**Your task**
A complete, exact retyping of the data below is required.

**Task inputs**
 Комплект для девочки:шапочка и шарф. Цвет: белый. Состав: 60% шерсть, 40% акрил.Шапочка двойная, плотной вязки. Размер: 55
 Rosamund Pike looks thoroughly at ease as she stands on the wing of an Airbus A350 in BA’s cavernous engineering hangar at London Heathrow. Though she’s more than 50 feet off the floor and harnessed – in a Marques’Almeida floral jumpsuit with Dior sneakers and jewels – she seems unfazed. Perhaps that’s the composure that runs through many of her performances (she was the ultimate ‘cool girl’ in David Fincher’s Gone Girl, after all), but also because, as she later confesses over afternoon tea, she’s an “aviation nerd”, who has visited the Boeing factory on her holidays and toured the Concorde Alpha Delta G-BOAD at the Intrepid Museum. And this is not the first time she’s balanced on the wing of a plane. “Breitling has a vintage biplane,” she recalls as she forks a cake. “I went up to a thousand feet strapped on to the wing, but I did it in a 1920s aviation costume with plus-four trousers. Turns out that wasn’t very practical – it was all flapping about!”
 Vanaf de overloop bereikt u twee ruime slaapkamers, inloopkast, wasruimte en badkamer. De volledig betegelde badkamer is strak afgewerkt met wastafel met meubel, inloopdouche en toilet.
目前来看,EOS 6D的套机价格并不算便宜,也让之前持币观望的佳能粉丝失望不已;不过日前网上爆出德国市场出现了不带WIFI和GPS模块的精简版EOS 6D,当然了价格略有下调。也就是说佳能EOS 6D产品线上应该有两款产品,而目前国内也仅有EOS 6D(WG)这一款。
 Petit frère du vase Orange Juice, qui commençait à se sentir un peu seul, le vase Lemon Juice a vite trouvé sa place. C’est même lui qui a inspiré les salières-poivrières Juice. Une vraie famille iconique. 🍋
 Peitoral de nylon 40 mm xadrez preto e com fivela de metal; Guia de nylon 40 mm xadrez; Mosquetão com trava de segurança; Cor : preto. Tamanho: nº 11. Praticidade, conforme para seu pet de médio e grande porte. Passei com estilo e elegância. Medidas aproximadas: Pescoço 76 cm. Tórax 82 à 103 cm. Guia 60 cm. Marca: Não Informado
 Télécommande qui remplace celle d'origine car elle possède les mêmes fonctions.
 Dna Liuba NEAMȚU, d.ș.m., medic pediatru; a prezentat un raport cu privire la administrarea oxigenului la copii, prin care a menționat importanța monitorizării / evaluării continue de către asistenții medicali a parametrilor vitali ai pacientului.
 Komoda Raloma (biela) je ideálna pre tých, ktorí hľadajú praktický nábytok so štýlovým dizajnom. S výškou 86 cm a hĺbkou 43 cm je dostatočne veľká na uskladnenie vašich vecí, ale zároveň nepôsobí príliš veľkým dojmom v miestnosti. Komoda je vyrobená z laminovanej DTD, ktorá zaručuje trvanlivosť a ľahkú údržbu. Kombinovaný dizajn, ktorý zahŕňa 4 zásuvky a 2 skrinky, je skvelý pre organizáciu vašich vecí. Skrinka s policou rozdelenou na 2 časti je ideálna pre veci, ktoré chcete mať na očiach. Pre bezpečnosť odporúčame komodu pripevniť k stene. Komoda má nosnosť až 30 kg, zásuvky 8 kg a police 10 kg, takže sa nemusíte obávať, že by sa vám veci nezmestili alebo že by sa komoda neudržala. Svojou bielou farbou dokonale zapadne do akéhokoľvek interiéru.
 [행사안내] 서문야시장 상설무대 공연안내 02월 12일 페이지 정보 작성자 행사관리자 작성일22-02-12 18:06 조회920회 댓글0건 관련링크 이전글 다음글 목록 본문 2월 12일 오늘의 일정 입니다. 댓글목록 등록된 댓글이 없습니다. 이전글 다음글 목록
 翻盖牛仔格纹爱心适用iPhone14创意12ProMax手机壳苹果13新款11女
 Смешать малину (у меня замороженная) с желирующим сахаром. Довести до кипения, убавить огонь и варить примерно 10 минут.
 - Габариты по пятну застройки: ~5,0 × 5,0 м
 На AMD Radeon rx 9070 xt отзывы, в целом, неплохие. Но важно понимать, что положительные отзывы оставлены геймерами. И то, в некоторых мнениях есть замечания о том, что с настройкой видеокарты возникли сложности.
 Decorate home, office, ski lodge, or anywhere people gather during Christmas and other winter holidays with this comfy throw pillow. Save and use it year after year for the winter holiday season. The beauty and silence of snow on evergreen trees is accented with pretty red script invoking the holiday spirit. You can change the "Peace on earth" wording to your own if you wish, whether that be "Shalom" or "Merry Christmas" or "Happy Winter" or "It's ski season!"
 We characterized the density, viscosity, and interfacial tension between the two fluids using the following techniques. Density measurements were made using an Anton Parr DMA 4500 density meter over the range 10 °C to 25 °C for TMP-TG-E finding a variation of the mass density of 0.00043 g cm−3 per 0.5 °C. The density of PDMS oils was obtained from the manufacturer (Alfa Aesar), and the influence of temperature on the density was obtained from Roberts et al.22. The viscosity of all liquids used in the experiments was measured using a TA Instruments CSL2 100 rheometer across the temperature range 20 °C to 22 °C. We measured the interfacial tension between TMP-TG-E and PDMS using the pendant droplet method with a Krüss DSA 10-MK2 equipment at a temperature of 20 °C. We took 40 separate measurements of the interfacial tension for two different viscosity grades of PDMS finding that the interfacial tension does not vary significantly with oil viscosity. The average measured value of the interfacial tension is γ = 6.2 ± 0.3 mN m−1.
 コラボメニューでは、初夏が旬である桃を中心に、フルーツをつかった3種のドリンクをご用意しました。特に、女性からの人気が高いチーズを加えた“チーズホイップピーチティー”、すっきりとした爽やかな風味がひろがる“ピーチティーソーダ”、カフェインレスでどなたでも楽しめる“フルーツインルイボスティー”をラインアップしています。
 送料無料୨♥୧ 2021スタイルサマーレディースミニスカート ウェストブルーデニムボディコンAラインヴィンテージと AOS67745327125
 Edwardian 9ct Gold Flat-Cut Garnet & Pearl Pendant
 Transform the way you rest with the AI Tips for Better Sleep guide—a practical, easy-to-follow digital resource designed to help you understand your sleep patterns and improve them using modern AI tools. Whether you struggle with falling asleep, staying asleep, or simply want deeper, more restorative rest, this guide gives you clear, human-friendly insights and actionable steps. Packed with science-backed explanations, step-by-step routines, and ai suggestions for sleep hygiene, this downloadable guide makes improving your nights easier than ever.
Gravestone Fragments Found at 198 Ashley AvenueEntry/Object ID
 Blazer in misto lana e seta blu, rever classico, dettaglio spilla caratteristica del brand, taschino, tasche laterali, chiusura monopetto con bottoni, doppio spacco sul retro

**Output for this task**
 Комплект для девочки:шапочка и шарф. Цвет: белый. Состав: 60% шерсть, 40% акрил.Шапочка двойная, плотной вязки. Размер: 55
 Rosamund Pike looks thoroughly at ease as she stands on the wing of an Airbus A350 in BA’s cavernous engineering hangar at London Heathrow. Though she’s more than 50 feet off the floor and harnessed – in a Marques’Almeida floral jumpsuit with Dior sneakers and jewels – she seems unfazed. Perhaps that’s the composure that runs through many of her performances (she was the ultimate ‘cool girl’ in David Fincher’s Gone Girl, after all), but also because, as she later confesses over afternoon tea, she’s an “aviation nerd”, who has visited the Boeing factory on her holidays and toured the Concorde Alpha Delta G-BOAD at the Intrepid Museum. And this is not the first time she’s balanced on the wing of a plane. “Breitling has a vintage biplane,” she recalls as she forks a cake. “I went up to a thousand feet strapped on to the wing, but I did it in a 1920s aviation costume with plus-four trousers. Turns out that wasn’t very practical – it was all flapping about!”
 Vanaf de overloop bereikt u twee ruime slaapkamers, inloopkast, wasruimte en badkamer. De volledig betegelde badkamer is strak afgewerkt met wastafel met meubel, inloopdouche en toilet.
目前来看,EOS 6D的套机价格并不算便宜,也让之前持币观望的佳能粉丝失望不已;不过日前网上爆出德国市场出现了不带WIFI和GPS模块的精简版EOS 6D,当然了价格略有下调。也就是说佳能EOS 6D产品线上应该有两款产品,而目前国内也仅有EOS 6D(WG)这一款。
 Petit frère du vase Orange Juice, qui commençait à se sentir un peu seul, le vase Lemon Juice a vite trouvé sa place. C’est même lui qui a inspiré les salières-poivrières Juice. Une vraie famille iconique. 🍋
 Peitoral de nylon 40 mm xadrez preto e com fivela de metal; Guia de nylon 40 mm xadrez; Mosquetão com trava de segurança; Cor : preto. Tamanho: nº 11. Praticidade, conforme para seu pet de médio e grande porte. Passei com estilo e elegância. Medidas aproximadas: Pescoço 76 cm. Tórax 82 à 103 cm. Guia 60 cm. Marca: Não Informado
 Télécommande qui remplace celle d'origine car elle possède les mêmes fonctions.
 Dna Liuba NEAMȚU, d.ș.m., medic pediatru; a prezentat un raport cu privire la administrarea oxigenului la copii, prin care a menționat importanța monitorizării / evaluării continue de către asistenții medicali a parametrilor vitali ai pacientului.
 Komoda Raloma (biela) je ideálna pre tých, ktorí hľadajú praktický nábytok so štýlovým dizajnom. S výškou 86 cm a hĺbkou 43 cm je dostatočne veľká na uskladnenie vašich vecí, ale zároveň nepôsobí príliš veľkým dojmom v miestnosti. Komoda je vyrobená z laminovanej DTD, ktorá zaručuje trvanlivosť a ľahkú údržbu. Kombinovaný dizajn, ktorý zahŕňa 4 zásuvky a 2 skrinky, je skvelý pre organizáciu vašich vecí. Skrinka s policou rozdelenou na 2 časti je ideálna pre veci, ktoré chcete mať na očiach. Pre bezpečnosť odporúčame komodu pripevniť k stene. Komoda má nosnosť až 30 kg, zásuvky 8 kg a police 10 kg, takže sa nemusíte obávať, že by sa vám veci nezmestili alebo že by sa komoda neudržala. Svojou bielou farbou dokonale zapadne do akéhokoľvek interiéru.
 [행사안내] 서문야시장 상설무대 공연안내 02월 12일 페이지 정보 작성자 행사관리자 작성일22-02-12 18:06 조회920회 댓글0건 관련링크 이전글 다음글 목록 본문 2월 12일 오늘의 일정 입니다. 댓글목록 등록된 댓글이 없습니다. 이전글 다음글 목록
 翻盖牛仔格纹爱心适用iPhone14创意12ProMax手机壳苹果13新款11女
 Смешать малину (у меня замороженная) с желирующим сахаром. Довести до кипения, убавить огонь и варить примерно 10 минут.
 - Габариты по пятну застройки: ~5,0 × 5,0 м
 На AMD Radeon rx 9070 xt отзывы, в целом, неплохие. Но важно понимать, что положительные отзывы оставлены геймерами. И то, в некоторых мнениях есть замечания о том, что с настройкой видеокарты возникли сложности.
 Decorate home, office, ski lodge, or anywhere people gather during Christmas and other winter holidays with this comfy throw pillow. Save and use it year after year for the winter holiday season. The beauty and silence of snow on evergreen trees is accented with pretty red script invoking the holiday spirit. You can change the "Peace on earth" wording to your own if you wish, whether that be "Shalom" or "Merry Christmas" or "Happy Winter" or "It's ski season!"
 We characterized the density, viscosity, and interfacial tension between the two fluids using the following techniques. Density measurements were made using an Anton Parr DMA 4500 density meter over the range 10 °C to 25 °C for TMP-TG-E finding a variation of the mass density of 0.00043 g cm−3 per 0.5 °C. The density of PDMS oils was obtained from the manufacturer (Alfa Aesar), and the influence of temperature on the density was obtained from Roberts et al.22. The viscosity of all liquids used in the experiments was measured using a TA Instruments CSL2 100 rheometer across the temperature range 20 °C to 22 °C. We measured the interfacial tension between TMP-TG-E and PDMS using the pendant droplet method with a Krüss DSA 10-MK2 equipment at a temperature of 20 °C. We took 40 separate measurements of the interfacial tension for two different viscosity grades of PDMS finding that the interfacial tension does not vary significantly with oil viscosity. The average measured value of the interfacial tension is γ = 6.2 ± 0.3 mN m−1.
 コラボメニューでは、初夏が旬である桃を中心に、フルーツをつかった3種のドリンクをご用意しました。特に、女性からの人気が高いチーズを加えた“チーズホイップピーチティー”、すっきりとした爽やかな風味がひろがる“ピーチティーソーダ”、カフェインレスでどなたでも楽しめる“フルーツインルイボスティー”をラインアップしています。
 送料無料୨♥୧ 2021スタイルサマーレディースミニスカート ウェストブルーデニムボディコンAラインヴィンテージと AOS67745327125
 Edwardian 9ct Gold Flat-Cut Garnet & Pearl Pendant
 Transform the way you rest with the AI Tips for Better Sleep guide—a practical, easy-to-follow digital resource designed to help you understand your sleep patterns and improve them using modern AI tools. Whether you struggle with falling asleep, staying asleep, or simply want deeper, more restorative rest, this guide gives you clear, human-friendly insights and actionable steps. Packed with science-backed explanations, step-by-step routines, and ai suggestions for sleep hygiene, this downloadable guide makes improving your nights easier than ever.
Gravestone Fragments Found at 198 Ashley AvenueEntry/Object ID
 Blazer in misto lana e seta blu, rever classico, dettaglio spilla caratteristica del brand, taschino, tasche laterali, chiusura monopetto con bottoni, doppio spacco sul retro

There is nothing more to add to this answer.